Вечером, — шариком в клеточке хохлится канареечка; полнятся густо безлюдием комнаты; а из угла поднимаются лиловокрылые тени; темнотный угодник в углу, из-за жести, вещает провалом грозящего пальца.

И липнет к окошку: Москва.

13

Со свечкою сочерна шел он.

И желклые светочи свечки вошли косяками и, круг откружив, разлеглись перерезанно; там, из-под пальмы виднеяся, Наденька ясно разрезалась лунною лентой:

— Дружок, к тебе можно?

И малые, карие глазки потыкались: в Наденьку, в набронзировку, в салфеточку кресельную, — антимакассар.

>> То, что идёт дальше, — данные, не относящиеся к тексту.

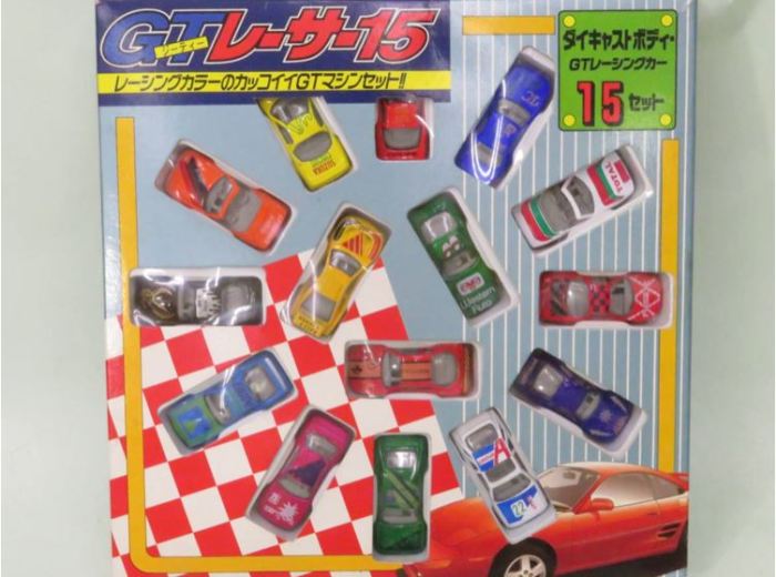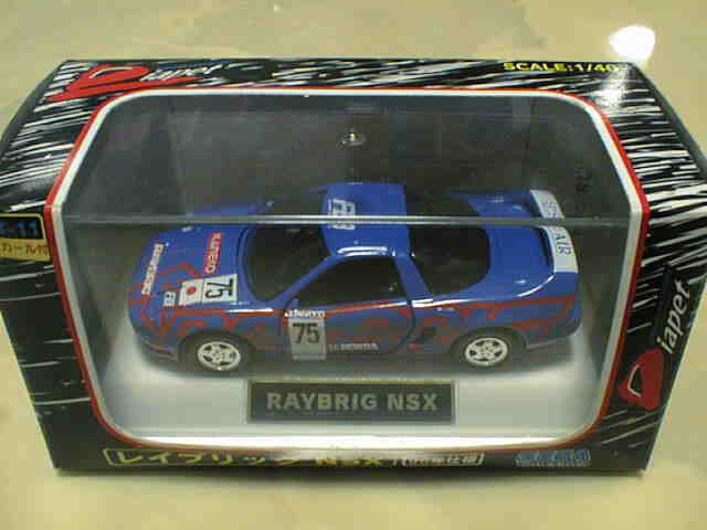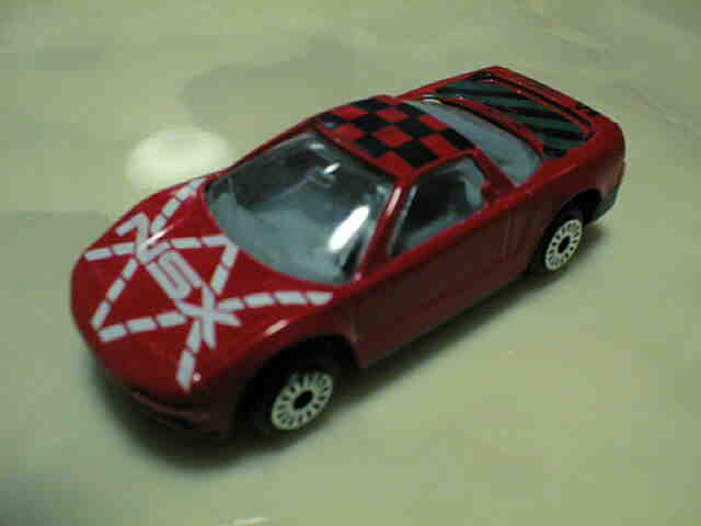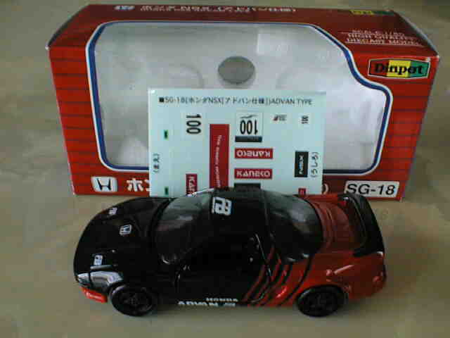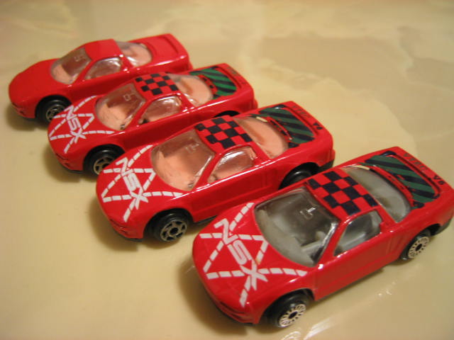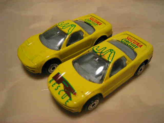 | 2005年1月フランスのコレクターより入手したミニカー15台セット。チェック柄の赤色のNSXと鈴鹿サーキットデザインの黄色のNSXが1台ずつ入っている。内装が肌色の6本スポークタイプだが、タンポのフォントが異なる。 | |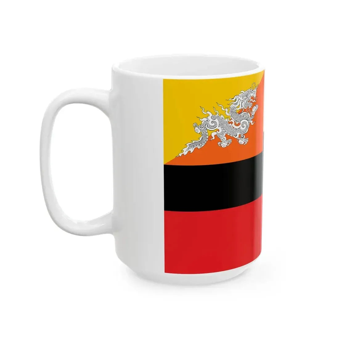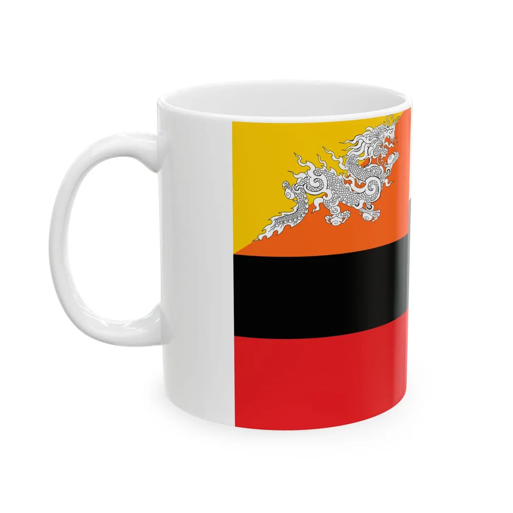 The artwork on this mug is intricately detailed, capturing the essence of the flag's design beautifully. Whether you're sipping your morning coffee or enjoying a quiet evening tea, this mug adds a touch of authentic Bhutanese charm to your daily routine. It makes an excellent gift for travel enthusiasts, history buffs, or anyone who values cultural artifacts. Its construction ensures it withstands the test of time, making it a long-lasting addition to your collection.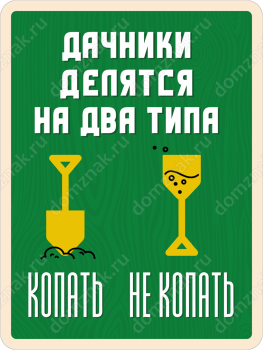 Табличка «Дачники деляться на вида типа: копать, не копать.» изготовлена из пластика ПВХ, толщиной 4 мм. Изображение наносится по технологии УФ-печати. Табличка предназначена для использования как в помещении, так и на улице.
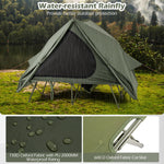 Are you looking for a versatile outdoor solution that can provide comfort and protection? This multifunctional camping cot tent combo offers the perfect balance of flexibility and durability. Use the 2-person camping cot or tent alone, or combine them securely with 4 straps to create your ideal outdoor sleeping arrangement. Besides, the water-resistant rainfly, made with 150D Oxford fabric and a PU 2000MM waterproof rating, ensures you stay dry and protected from the elements. Enjoy good air ventilation through breathable mesh windows while keeping the interior fresh and comfortable. The cot's 600D Oxford fabric mat, sturdy metal legs, and non-slip foot pads provide stability and can support up to 660 lbs. Plus, wind ropes and stakes are included for added reliability in windy conditions. Whether you're camping, heading to the beach, or relaxing in the backyard.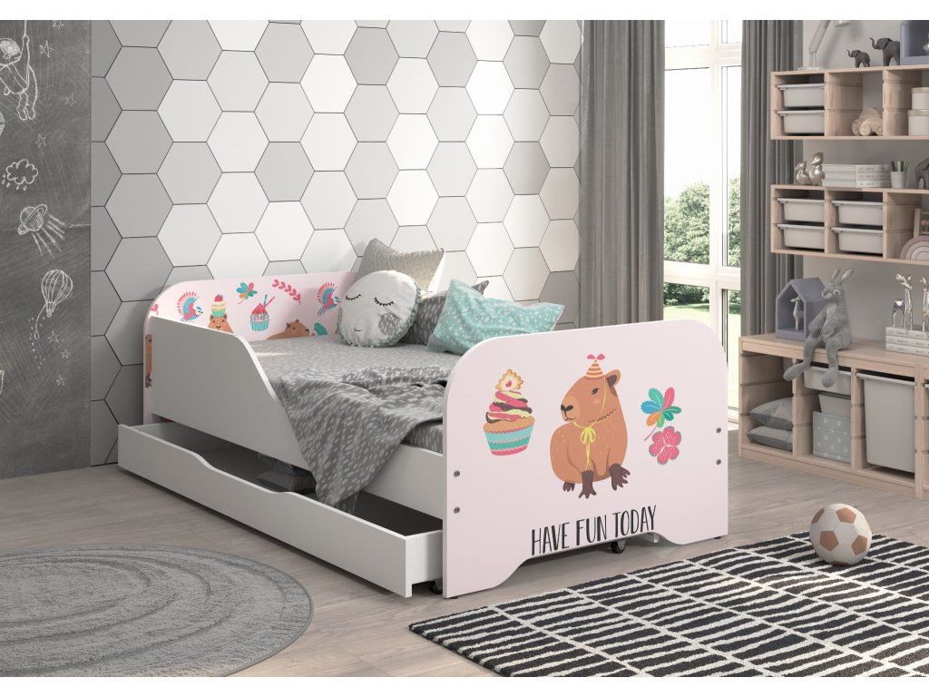 Detská posteľ MIKI 140x70 KAPIBARA COOKIES Súprava obsahuje:- Posteľ s profilovaným bočným lemom, ktorý zaručuje bezpečnosť pri používaní.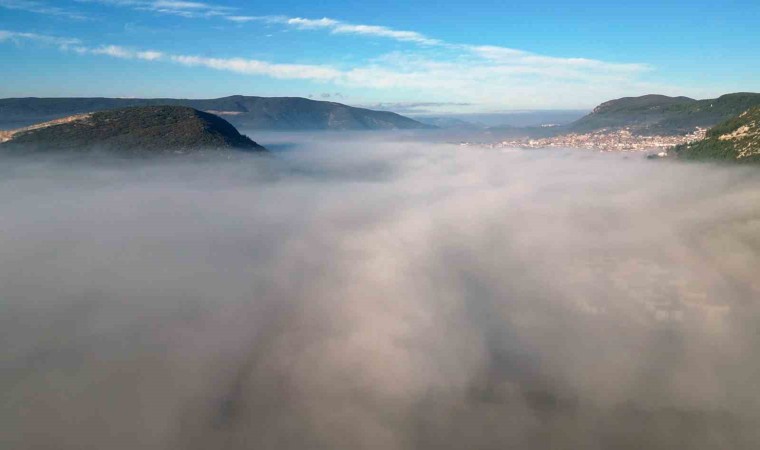 Muğla’nın Menteşe ilçesi sabah saatlerinde sis bulutu içinde adeta kaybolurken, ortaya kartpostallık görüntüler çıktı.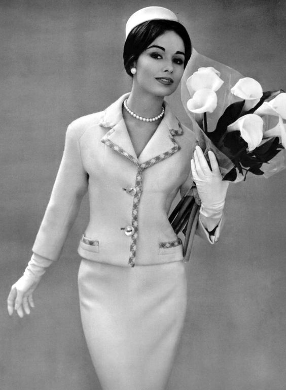 Sondra Peterson in white wool suit with blue and white check trim, featuring a shorter jacket, by Pierre Balmain, pillbox by Jean Barthet, photo by Pottier, 1959.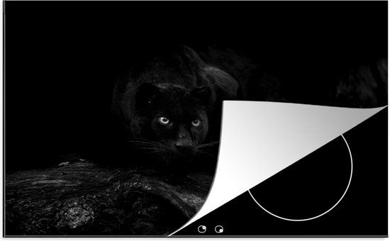 KitchenYeah® Inductie beschermer 77x51 cm - Zwarte panter in een donker bos - zwart wit - Inductiebeschermer voor inductie kookplaat - Kookplaten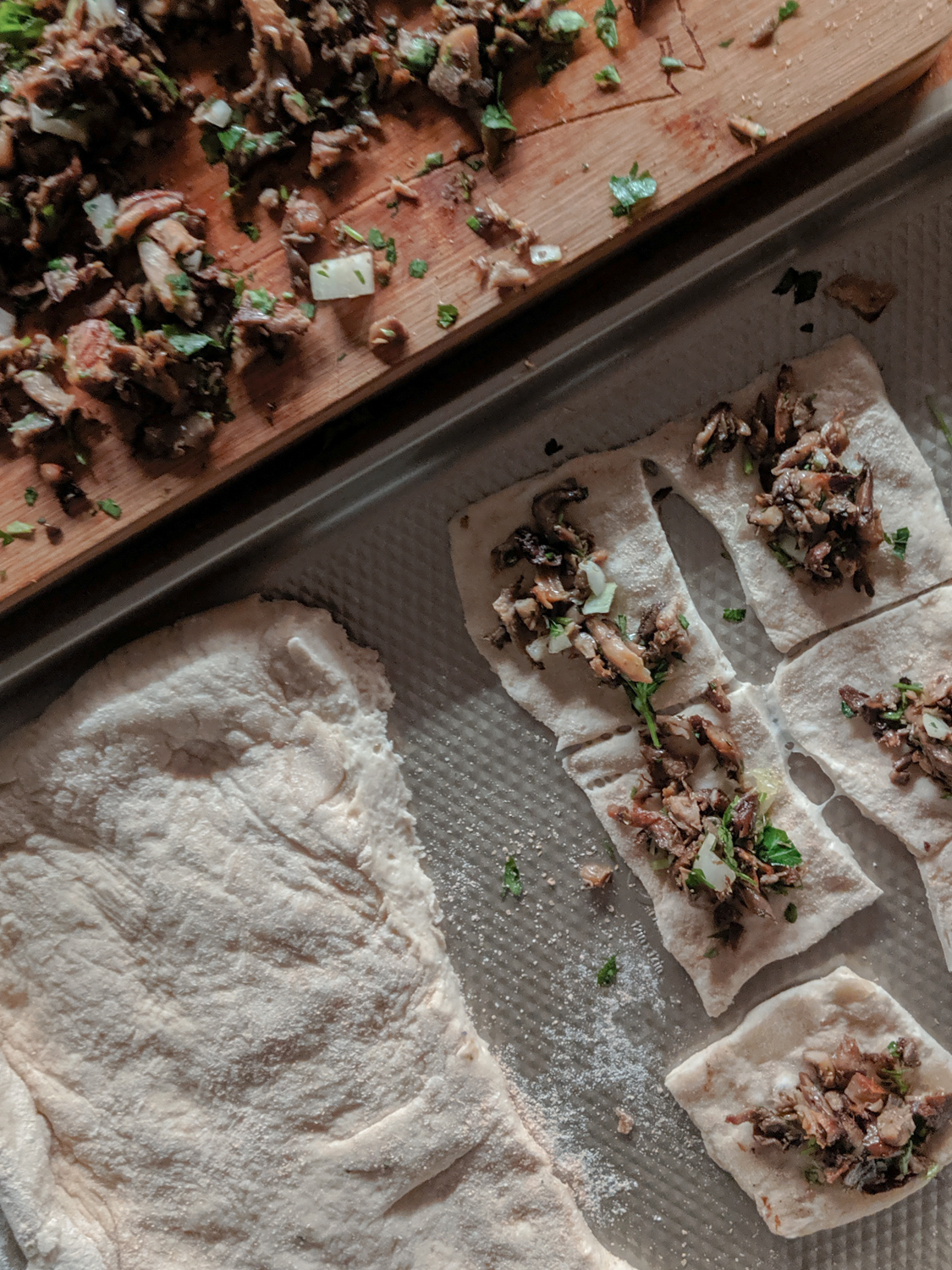 - Stretch each square with your fingers and fill with a tsp. of the mushroom mixture.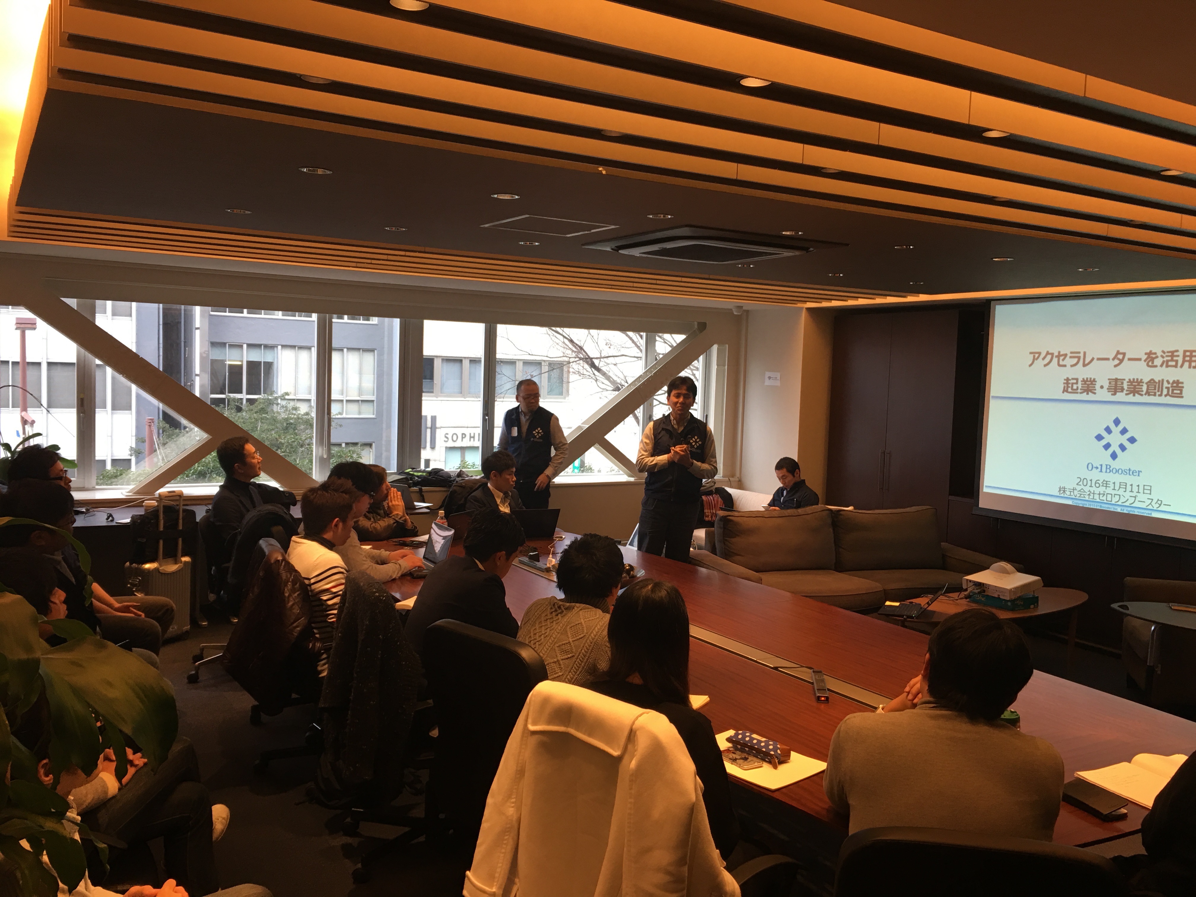 OnRampはドーガンさん他が運営されているインキュベーションオフィスです。地下鉄の赤坂駅近くにあります。1/11の昼に事前セミナーを実施しました。学生さんを含め、様々な参加者に集まって頂けました。オーラ鈴木から01Boosterの実施しているアクセラレーターの説明も実施しました。一般的にはどちらかというと起業初心者をサポートする「教育型の起業プログラム」と既に事業を実施しているベンチャー企業を対象とした「アクセラレーションプログラム」がありますが、今回のSD2016はこの前半寄りで8:2ぐらいのイメージとなります。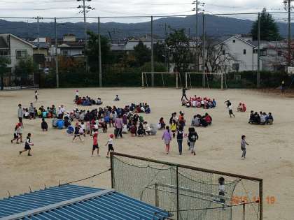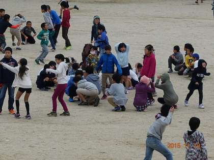 これはまずいぞ・・・・と思った瞬間,運動場で遊んでいた一団が,運動場の真ん中に集まって,頭を抱えて座り始めました。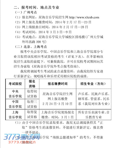 星海音乐学院2014年招生报考时间考点星海音乐学院2014年招生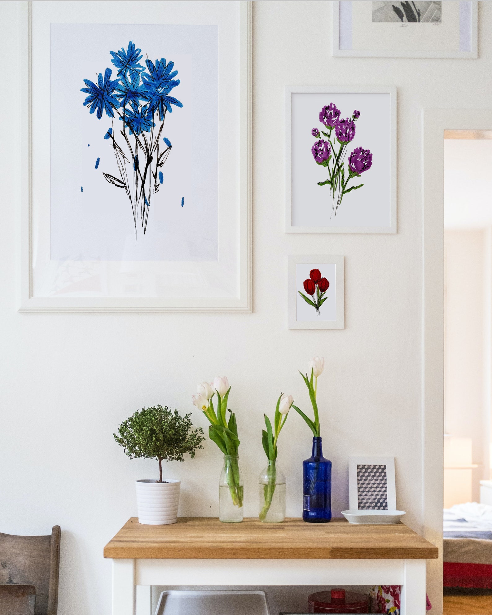 Blue Flower Printable Wall Art Decor Vintage Painting Illustration

— Что вы, папочка, — личиком глянула Наденька, точно серебряной песенкой.

— Так, на минуточку… — он вопрошал приподнятием стекол очковых.

Явление это всегда начиналося с «не помешаю», «минуточку», «так себе»; знала — не «так себе», а — нутряная потребность: зашел посидеть и бессвязною фразою кинуть.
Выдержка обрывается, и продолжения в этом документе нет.